Invasive ants are nothing new in the United States. Argentine and black ants arrived more than a hundred years ago, only to be displaced by fire ants in the 1930s. Since the early 2000s, though, crazy ants, utilizing a novel application of chemical warfare, have rapidly expanded their range and are now displacing their stinging cousins. Scientists have been concerned that they may be unstoppable.

But eight years ago, while studying crazy ants in Florida, ecologists Edward LeBrun and Rob Plowes discovered a vulnerability. Mysteriously, some of the ants were carrying a previously unknown species of pathogenic fungus in their abdomens. Later, they encountered the same fungus in tawny crazy ants in Texas. After years of study, Lebrun, Plowes, Lawrence Gilbert of Brackenridge, and Melissa Jones, formerly of the Texas Parks and Wildlife Department, found that 62 percent of colonies that harbored the fungus eventually disappeared entirely. 

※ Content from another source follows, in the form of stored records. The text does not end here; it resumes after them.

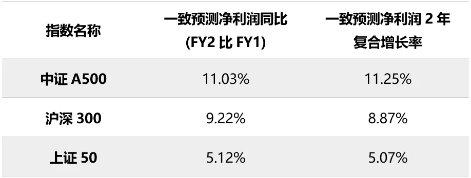 根据Wind给出的盈利预测,截至10月底,中证A500指数成份股的净利润同比(FY2比FY1)增速为11.03%、净利润2年复合增长率为11.25%,这两组数据均优于同期沪深300和上证50,证明成份股在未来依然具备较好的增长质量。
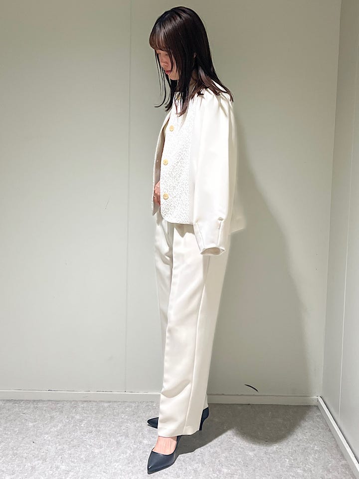 フロントレースの装飾がさりげなく上品な印象のジャケットになっています。ノーカラーで首元すっきりしているので襟付きのブラウスと合わせるのも可愛いです。インナーはシンプルにジャケットは閉じてセットアップで見せる着こなしもカチッと感がでておすすです。
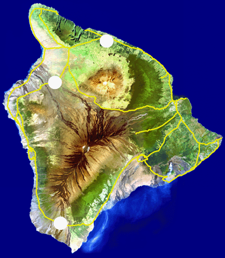 The Big Island of Hawaii has many dive sites. Click a dive flag on the map to learn about a simple few... We can't give away all our secrets! |
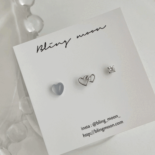 [3 set] 스카이 더블하트 피어싱 세트 / 데일리 심플 러블리 블루

“You don’t expect a pathogen to lead to the extinction of a population,” Lebrun told UTNews. “An infected population normally goes through boom-and-bust cycles as the frequency of infection waxes and wanes.” But that wasn’t the only surprise. Lebrun and his team also discovered that the fungus did not seem to harm other ants or arthropods. 

In 2016, when a super colony of tawny crazy ants swarmed the Estero Llano Grande State Park in Weslaco, Lebrun got a call. “They had a crazy ant infestation, and it was apocalyptic—rivers of ants going up and down every tree,” LeBrun said. “I wasn’t really ready to start this as an experimental process, but it’s like, OK, let’s just give it a go.” Lebrun and his team planted fungus-infected ants in the colony and, today, the crazy ants have been eradicated from the park and native species are returning. After another successful eradication in Austin, the team plans to test their method this spring in other infested sites in Texas.

So, don’t worry, Texans. If a villainous horde of foreign arthropods is tormenting a neighborhood near you, there is an intrepid team of scientists—and a fungus—ready to defend you.

Lebrun and the team describe their work in a new study published in the journal, Proceedings of the National Academy of Sciences.